Tuesday, March 31, 2015

Toleration?

I believe in God. I honestly do.

I believe God loves even me. I often wonder why. I have lived long enough, made enough horrible mistakes, to wonder how anybody can love me. Yet I believe God does. Thank God.

I believe God loves all people. I know quite a few people who seem to have earned that love more than I. I also know some who seem not to have earned it. But who am I to decide who God loves and why?

I pray—literally—that I live my life in a manner that supports my beliefs. I pray that I would manifest the love of God for all. I know I fail in this. But I sincerely try.

This is why the flap over Indiana's new law protecting the free exercise of religion grieves me deeply. I am a Hoosier. But I happen to live in a state, Michigan, that passed the same law years ago. Nobody seemed to care then. Nobody seemed to care when President Clinton signed the same law on the federal level twenty-two years ago. But times change, and so do political calculi.

For decades now “tolerance” and “diversity” have been taught in our schools. They have received ever-greater play in the media. But I put those words in quotation marks because in my experience the tolerance extends only to certain people. Christians who try to live according to a traditional interpretation of the faith—no matter how lovingly—are not tolerated by many.

As a Christian I have often felt condemned by the tolerance folks. I have never felt this more keenly than right now. The bitter irony of their judging my beliefs in the name of tolerance seems to escape them.
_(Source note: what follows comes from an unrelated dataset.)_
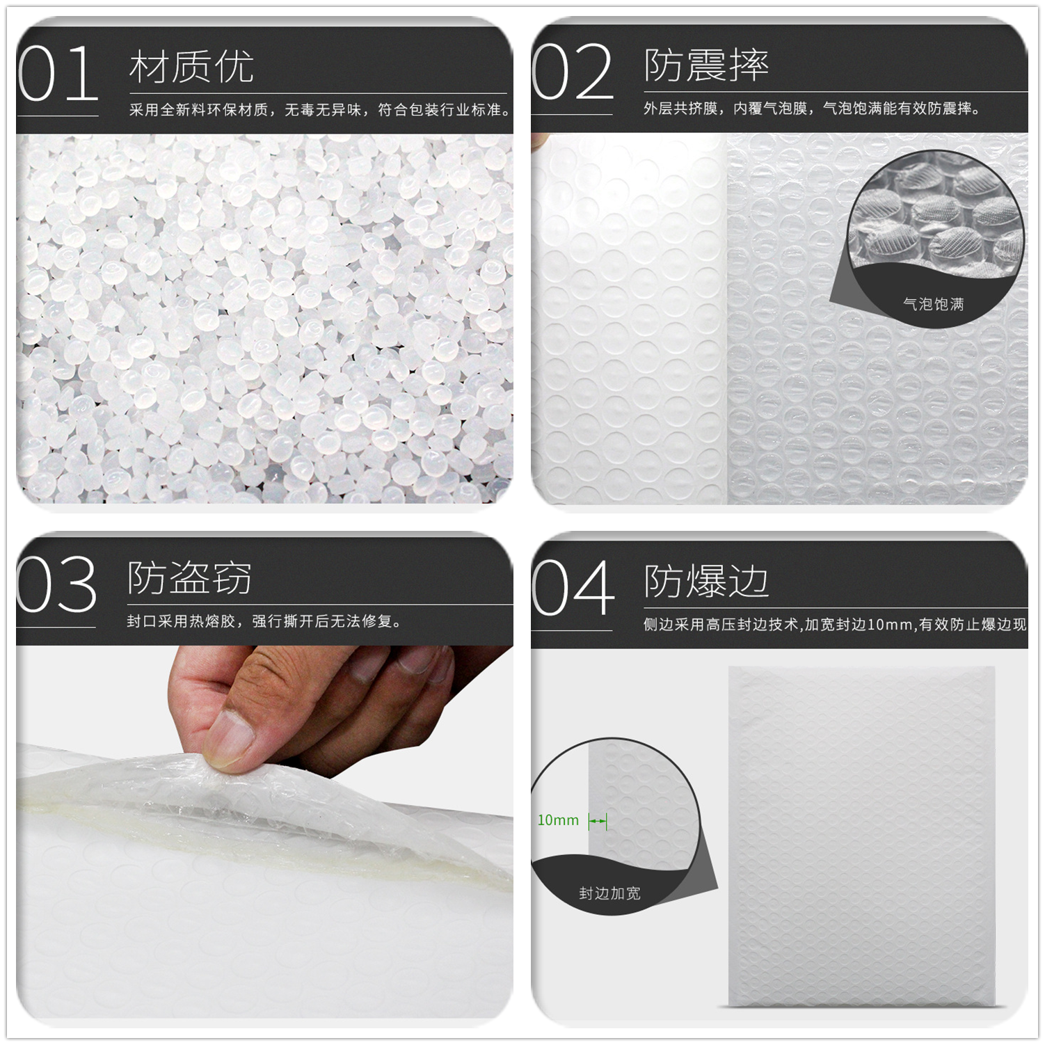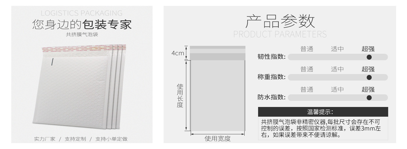 廣泛(fàn)用於電子、儀表、陶瓷、工藝品、家用電器,自車行,廚房、家具、五金工具製品(pǐn)、玻璃製品及精密儀器等(děng)的抗(kàng)震性緩衝、保護包裝。可以防止在傳遞過程中對(duì)物品(pǐn)的擠壓、震動(dòng)及摩擦等,對怕擠怕壓物品具有一定的保護作用。此外,通過在原料中加入不同的添加劑(jì)還可以製造防靜電等各種專用(yòng)氣泡袋。防靜電氣墊袋,用於包裝電子(zǐ)元件、組(zǔ)件(jiàn),如集成電(diàn)路板、卡等(děng),既能防(fáng)止靜電又能起到緩衝防震的作用。

I understand that many people sincerely believe that these laws are meant as an attack against gays and lesbians. I disagree with them, but I grant their genuine feeling.

Can they grant my genuine religious convictions? I can live with them; can they live with me?

I thought I lived in a country founded in part on the protection of my right to practice my sincerely-held religious beliefs. If a law meant to defend that cannot stand, then where can I go? I know of no place.

In that case, God help us all.

Monday, March 2, 2015

Journalism--or what passes for it

This week our local newspaper waged a campaign against a city official. The articles have divulged personal information better left unprinted—for the sake of him, his family and the rest of us. The attack has been personal and mean. It has been blatantly self-serving. (How many papers and clicks can we sell if we slop around down here in the sewer?)

I have decided not to read the newspaper in question, not in print nor on-line. I hope others will make the same choice.

I recognize this merely represents the latest in a long line of media fails. Once-proud networks have fallen from Murrow to Williams, from investigative to yellow journalism. I remember watching actual reporters breaking actual news while sweating humidity and bullets in Viet Nam. Now I feel I must consume at least three outlets just to get the facts. Everybody has an agenda. Everybody's bottom line colors their editorial policy.

Many moons ago I had the opportunity to interview Bob Knight, the basketball coach at Indiana University. He intimidated me into preparing for the experience with a rigor I have matched only once: when I took the board exams to qualify for the ministry. (Well, I was pretty nervous when I went to dinner the first time with my eventual wife's parents.)  I made absolutely certain every word I printed about Knight was accurate. If only reporters--and editors--always took this approach.

We live in media ghettos. We tend to consume only what agrees with our preconceptions.  I urge you to turn to Fox, National Public Radio, the Atlantic Monthly, the National Review—oh: and the Bible AND Discover magazine. Think about it. Test it with your B.S. meter. Listen to people you respect with whom you disagree. Repeat with me the vital incantation, “I could be wrong.”

Our local newspaper seems oblivious to the irony of its rage against any person or organization it feels might be spinning information. It has made me feel a little slimy just from reading certain headlines. It has done the same number when crusading against the local school district and community college. Its "coverage" of a lengthy debate about how best to serve the homeless villainized decent people on all sides.  I have given up thinking it can clean up its act. That leaves only the question of whether I can clean up mine. And you, yours.